__WORK TO COMPLETE__
Copy the material below verbatim from the line with "12月21日下午,日本德岛大" to the line with "2月19日,上海交通大学医学", both lines included, omitting pictures and every line outside that range.

__RECORDS FOR PROCESSING__
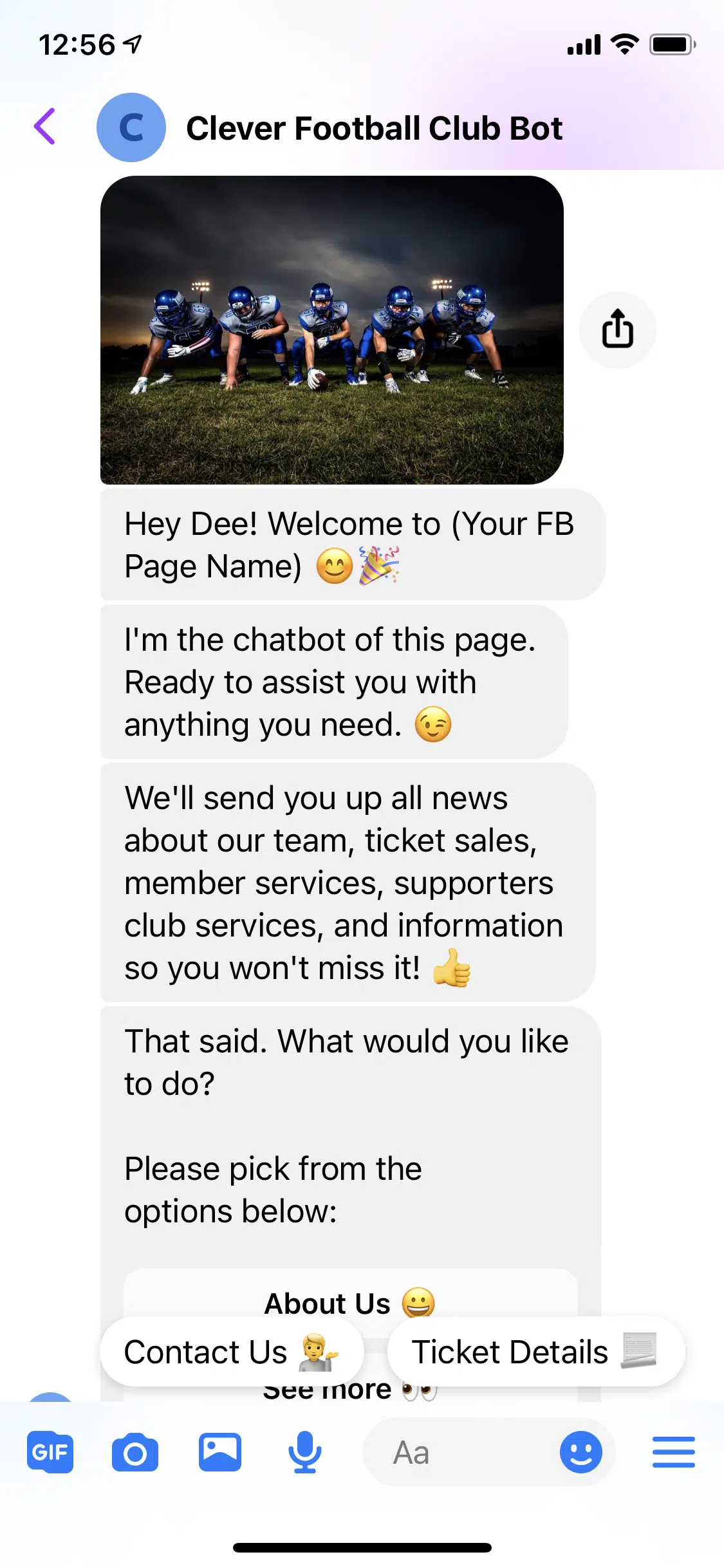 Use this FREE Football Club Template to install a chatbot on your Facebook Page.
---
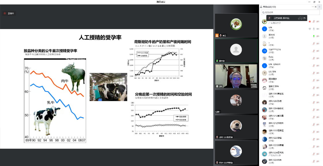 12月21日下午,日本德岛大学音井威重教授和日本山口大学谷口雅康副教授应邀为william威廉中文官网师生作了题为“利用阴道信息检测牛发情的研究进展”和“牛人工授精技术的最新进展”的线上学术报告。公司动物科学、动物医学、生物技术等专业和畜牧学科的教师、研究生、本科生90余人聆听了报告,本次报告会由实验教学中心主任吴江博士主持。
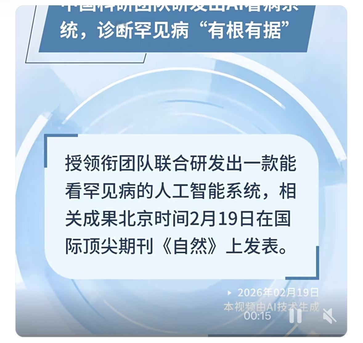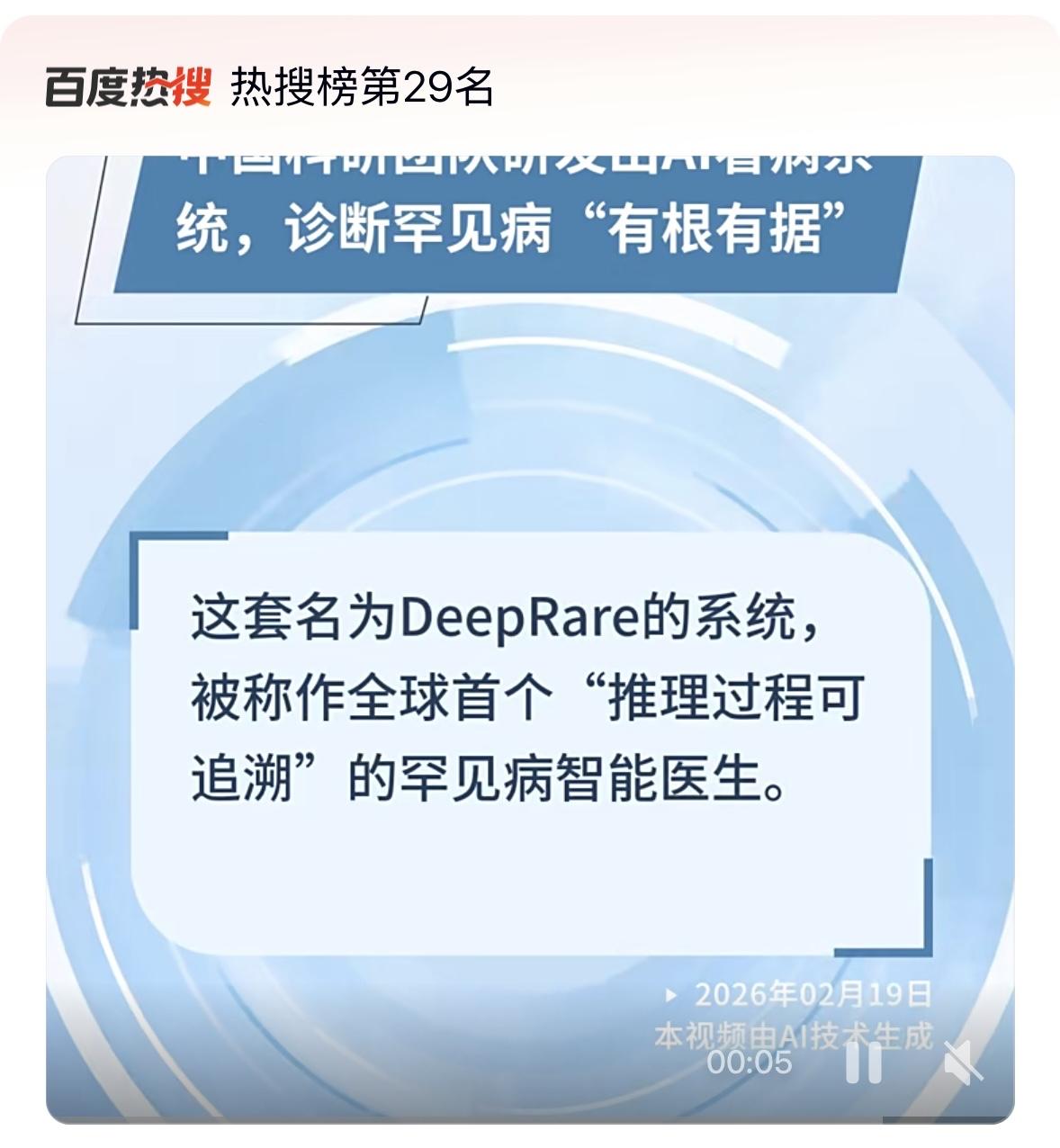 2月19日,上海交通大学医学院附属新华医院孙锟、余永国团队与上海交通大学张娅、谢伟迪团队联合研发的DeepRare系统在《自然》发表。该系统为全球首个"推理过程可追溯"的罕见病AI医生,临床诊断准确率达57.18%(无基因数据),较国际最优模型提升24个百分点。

__OUTPUT FOR THIS TASK__
 12月21日下午,日本德岛大学音井威重教授和日本山口大学谷口雅康副教授应邀为william威廉中文官网师生作了题为“利用阴道信息检测牛发情的研究进展”和“牛人工授精技术的最新进展”的线上学术报告。公司动物科学、动物医学、生物技术等专业和畜牧学科的教师、研究生、本科生90余人聆听了报告,本次报告会由实验教学中心主任吴江博士主持。
 2月19日,上海交通大学医学院附属新华医院孙锟、余永国团队与上海交通大学张娅、谢伟迪团队联合研发的DeepRare系统在《自然》发表。该系统为全球首个"推理过程可追溯"的罕见病AI医生,临床诊断准确率达57.18%(无基因数据),较国际最优模型提升24个百分点。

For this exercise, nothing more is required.